Witness today’s announcements of Microsoft abandoning Travel, Food & Drink and Health, all their MSN extras. Not necessarily heavily used apps, but really nicely done, showing developers that Windows is a decent platform to develop on. Microsoft has dumbed down the tablet UX on Windows 10 (see, well, just about all my other posts). They’ve been waffling on services. But a new release of SQL Server? They’re all over that. Microsoft seems to pay lip service to the front end, do a little work, then bail. So, as both a back end consumer of their ‘cloud’ products, and (at least for now) a user of their consumer products, I offer a few things I think they could do to shore up the ‘mobile first’ part of that company line they love saying.

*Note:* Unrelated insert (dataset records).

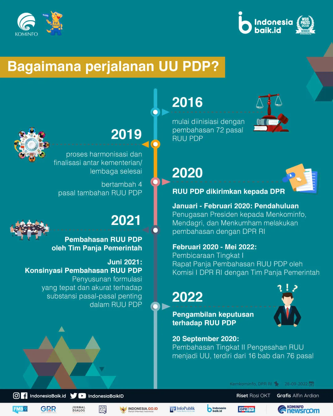 Perjuangan menuju disahkannya RUU PDP menjadi Undang-Undang terus diupayakan hingga 2022, tahapan akhirnya mencapai proses pengambilan keputusan terhadap RUU PDP oleh DPR RI. Pada 20 September 2020, terjadi tahapan Pembahasan Tingkat II yang menghasilkan pengesahan RUU menjadi UU UU PDP dengan isi 16 bab dan 76 pasal.
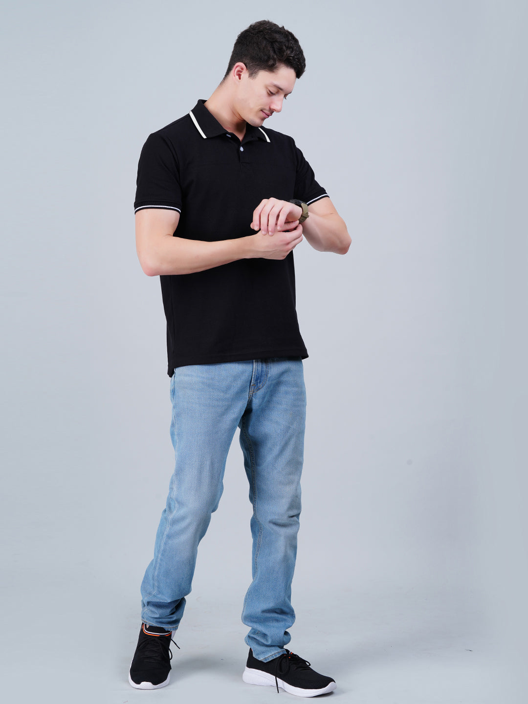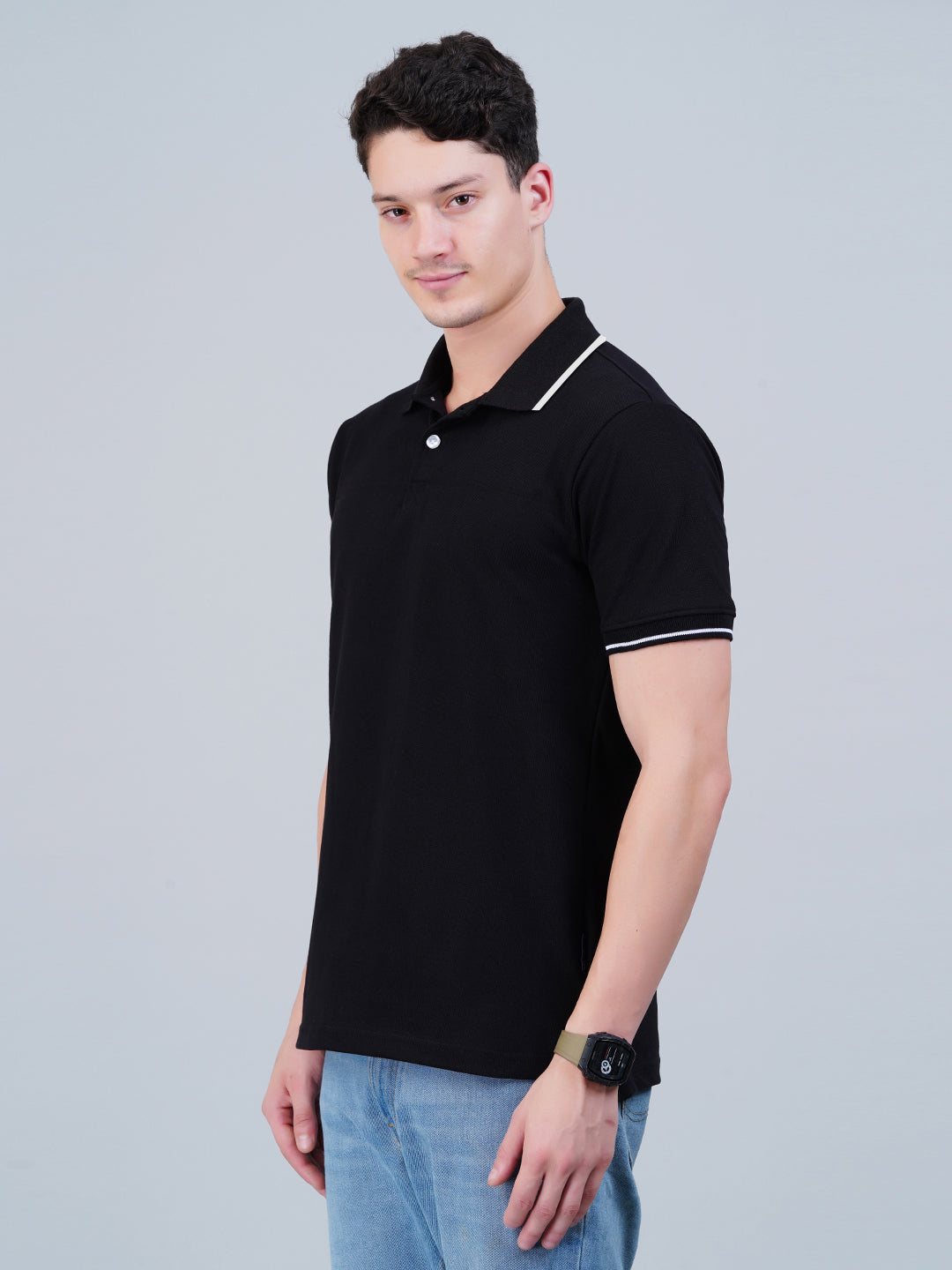 Understated, sharp, and versatile—the Midnight Edge Polo is your go-to essential for an effortlessly polished look. Crafted from durable pique cotton, this jet-black polo features clean white tipping on the sleeves and collar, giving it a crisp contrast that stands out. Whether you're dressing for a casual Friday at work or a night out, this tee strikes the perfect balance between smart and relaxed.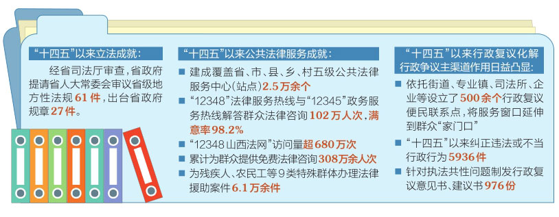 “十四五”以來,全省司法行政系統(tǒng)堅(jiān)持和發(fā)展新時代“楓橋經(jīng)驗(yàn)”,以法治力量維護(hù)社會和諧穩(wěn)定,助力建設(shè)更高水平的平安山西、法治山西。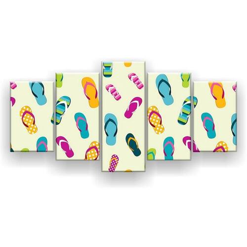 Quadro Decorativo Mosaico 5 Peças Chinelos Coloridos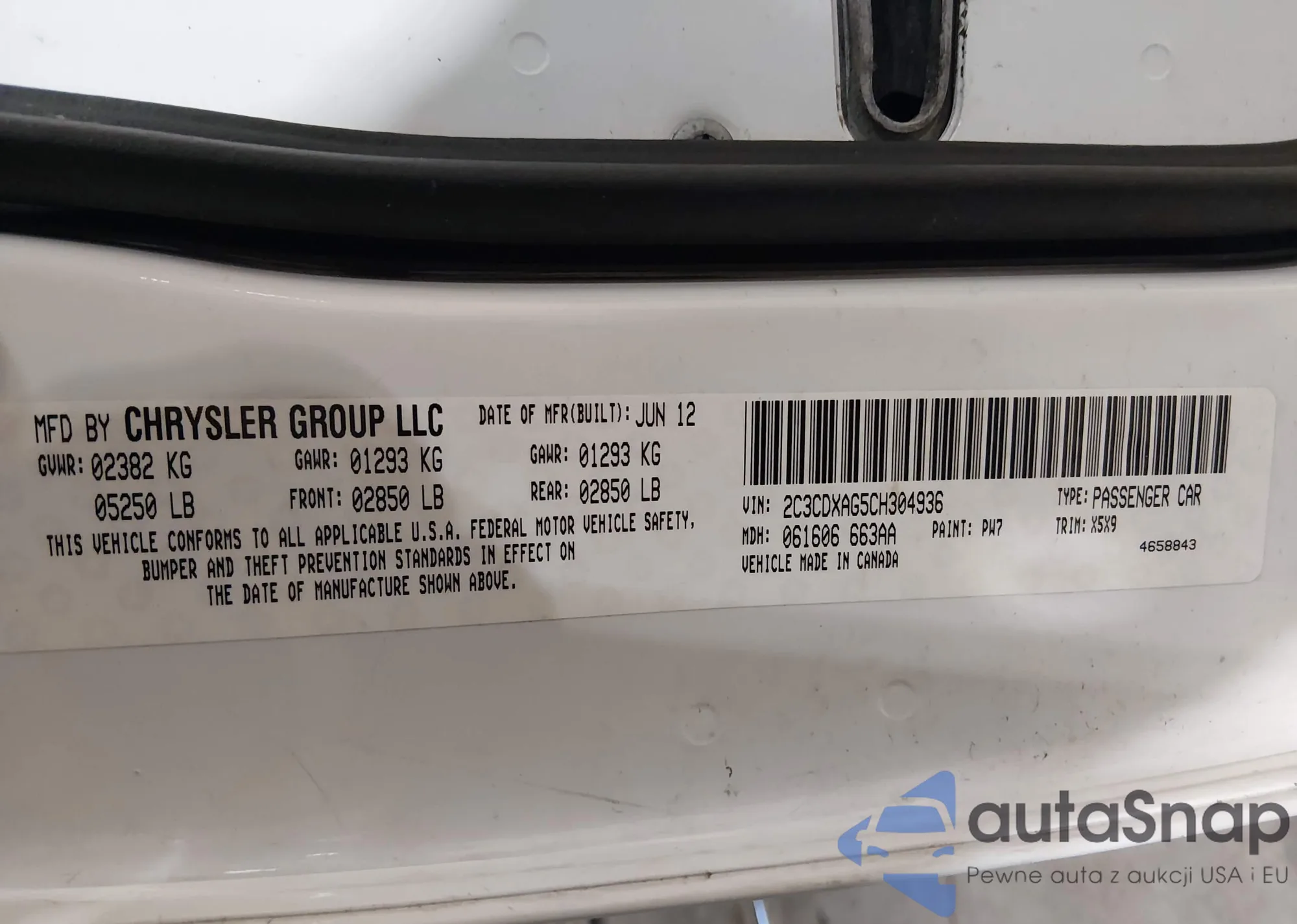 • VIN 2C3CDDXAG5CH30496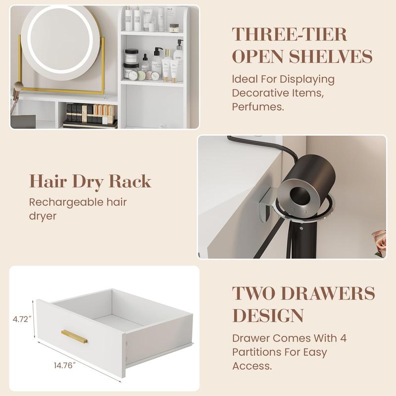 · 360° Rotatable Mirror with 3-Mode LED Lighting: Engineered for precision, this makeup vanity includes a 360° swivel mirror and an intuitive touch-control panel. Choose 3 modes from warm, cool, and natural while easily adjusting brightness—helping you achieve a perfect look with this versatile makeup vanity desk with lights.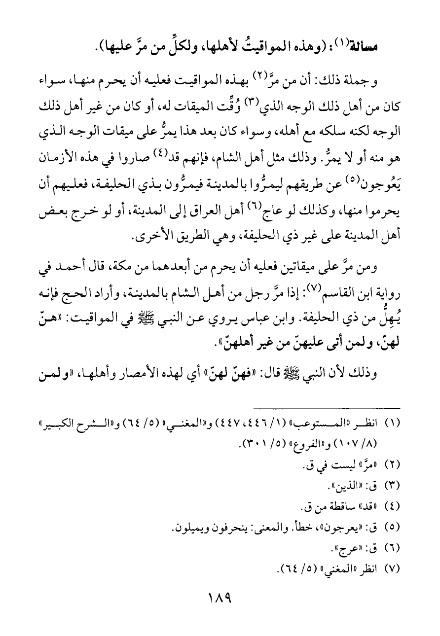 وجملة ذلك: أن من مرَّ (¬٢) بهذه المواقيت فعليه أن يحرم منها، سواء كان من أهل ذلك الوجه الذي (¬٣) وُقِّت الميقات له، أو كان من غير أهل ذلك الوجه لكنه سلكه مع أهله، وسواء كان بعد هذا يمرُّ على ميقات الوجه الذي هو منه أو لا يمرُّ. وذلك مثل أهل الشام، فإنهم قد (¬٤) صاروا في هذه الأزمان يَعُوجون (¬٥) عن طريقهم ليمرُّوا بالمدينة فيمرُّون بذي الحليفة، فعليهم أن يحرموا منها، وكذلك لو عاج (¬٦) أهل العراق إلى المدينة، أو لو خرج بعض أهل المدينة على غير ذي الحليفة، وهي الطريق الأخرى.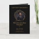 Programa de memorial bifold preto elegante com texto quente em Honey‑Brown, uma foto, obituário, ordem de serviço, escritura e poema.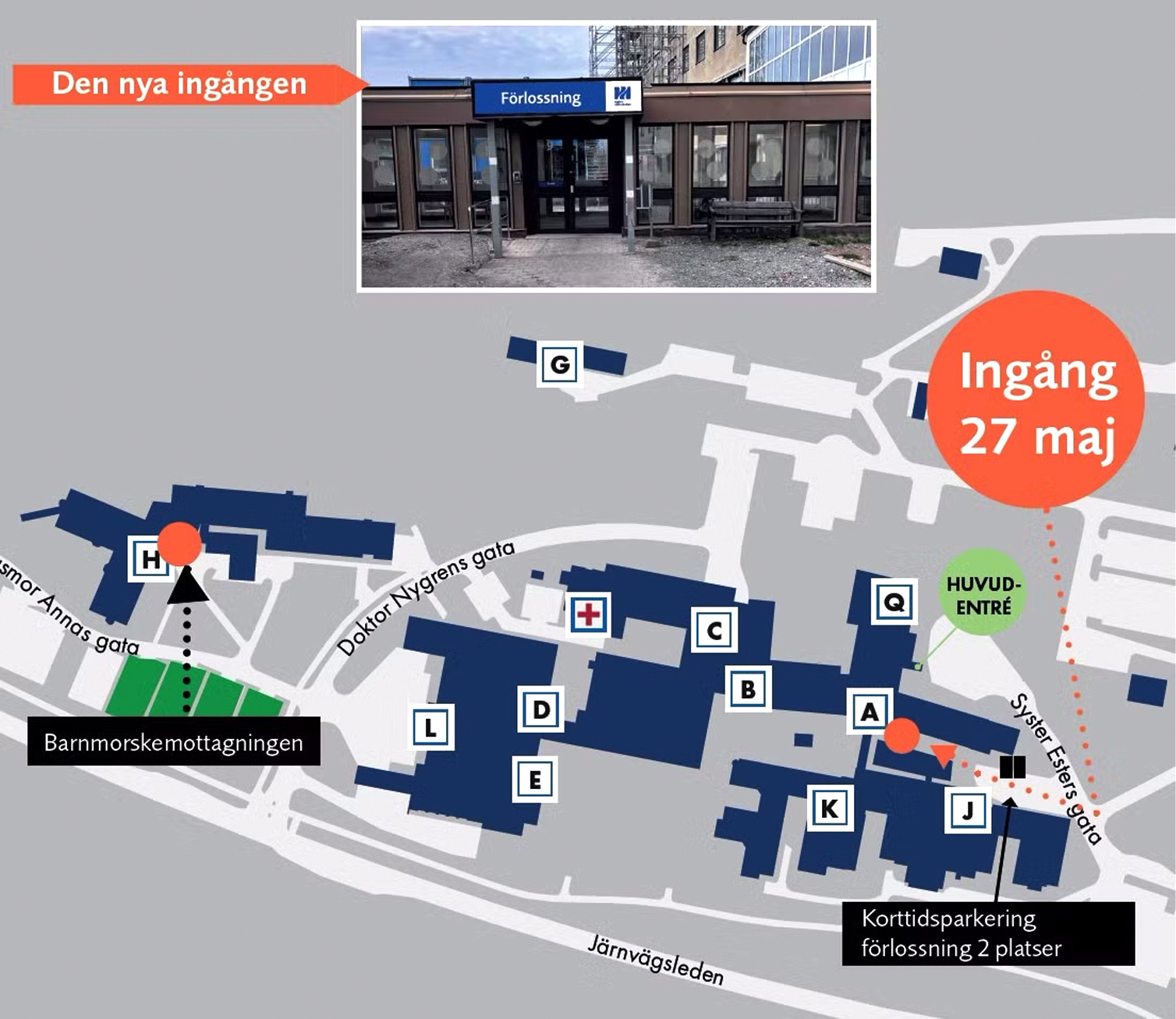 Kopplat till arbetet har förlossningen och intensivvårdsavdelning nu fått en annan ingång, med adressen Systers Esters gata 9 som ligger söder om den tidigare entrén. Det uppger Region Västerbotten och att ny skyltning har satts upp.

  • Make some big moves in acquisition. If you really want to be in the consumer space, you need an ecosystem. Not the weak tea we have now. Xbox Groove Music is great. Buy Spotify or Rdio and integrate in. Buy a video service. Fill out the media offerings. In every conversation lately about streaming music services, Microsoft is not even mentioned when people list out the services. Groove is really good, make it better. Push it everywhere. Same for video, go big or go home. And don’t go home, you need this to build the ecosystem. You need music, video, books, magazines, games to be in the game. If you can’t build it, buy it. Then for the love of all that’s holy don’t quit after a year. Without the ecosystem you are not a player in mobile and you’ll never be anything meaningful to a consumer. Oh, and I think you can make money there too.
  • Build or buy a small set top box and do what you were going to do in the living room. It looks like Microsoft was going to have Xbox deep into media services, then of course, chickened out and now it’s all about games! Fine. You need a living room play that’s not $400.
  • Build your own Amazon Echo but for Cortana. Set Cortana free in her own device, tie it into services. I love my Echo, but it doesn’t connect to all my services, accounts, email, reminders. I want a Cortana device detecting when I get home, reminding me of things, playing music, controlling all those Internet of Things you guys keep talking about. You have mic array and sensors from Kinect, speakers from Nokia, wireless tech and services–build it!
  • Speaking of Cortana, ramp that up big time. Integrate it everywhere. I sometimes feel Microsoft is too sensitive on the privacy front. Yes, it’s critically important, but talk to Google people on why they love Google Now. It’s creepy but they love it. We’ll love it too.
  • Keep buying up those cool apps. One great way to get on to every platform and win is to just buy the cool stuff. If Microsoft can’t do it anymore, acquire it. They’ve been on a roll lately and should definitely keep going.
  • Build more apps, not less. Those Food, Health, Travel, etc. type apps are almost best in class in the Windows store. You need to build more, not less of these. Unless and until there are stellar selections of apps in the Windows store, Microsoft must play lead developer.
  • Band is cool, it’s almost a smartwatch. Make one of those too. This market’s still nascent, and amazingly, Apple’s entry is kind of landing with a thud. Pounce on it. Do that Internet of Things thing.
  • HoloLens. yes please, more of this everywhere. Don’t listen to the whiners of field of vision, improve and iterate!
  • Promote the hell out of Continuum for Windows Phone. There is an insane amount of desire built up to simply carry a pocket device, drop it down on a pad and have your whole environment unfold around you on large screens. It seems like the pieces are finally there, now tell everyone about it.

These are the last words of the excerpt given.